For there is 'men's business' and there is 'women's business', and the business of the non-feminist revolution would be to reestablish this elemental, timeless order of life - and BTW to incorporate this order into its own plan of operation while the revolution is under way. ;)
In sum, a correct balance and distribution of forces.
So, with such female involvement in the early-to-middle stages, a rapprochement between the sexes will be more likely to occur in the latter stages while the iron is cooling down.
I think there are a good number of women who would like to jump into this fight. . . but they haven't found their voice yet, and/or they haven't yet experienced a full political awakening.
Another thing that needs to happen, and which would remedy those latter-stage issues, is to focus the heat intensively on FEMINISM (as opposed to 'women').

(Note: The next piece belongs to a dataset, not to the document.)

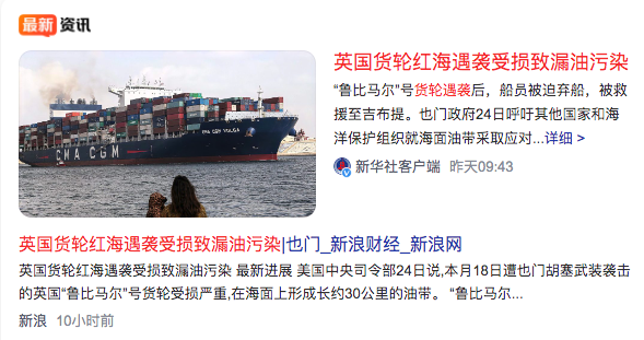 3、英国货轮红海遇袭受损致漏油污染British freighter attacked and damaged in Red Sea, causing oil spill(30公里长油带;苏伊士航运商业锐减42%)

And the more women we get onside in the earlier stages, the easier it will be to make this happen.
Otherwise, I'm afraid that it will be impossible to keep the heat narrowly upon feminism per se; it will spread out into a general bad male attitude toward women-at-large. (Or 'misogyny', as some people would say.)
So I'm thinkin' that it's a high priority to launch a high-profiled NF/CF women's movement a.s.a.p., so that women-at-large won't develop an incurable image problem.
Another factor that needs to be considered is the continued existence of the pro-feminist men's movement and male collaborationism in general.
The war between MRAs and collaborationists will bear close watching indeed.
But that's more than I've got energy to talk about right now.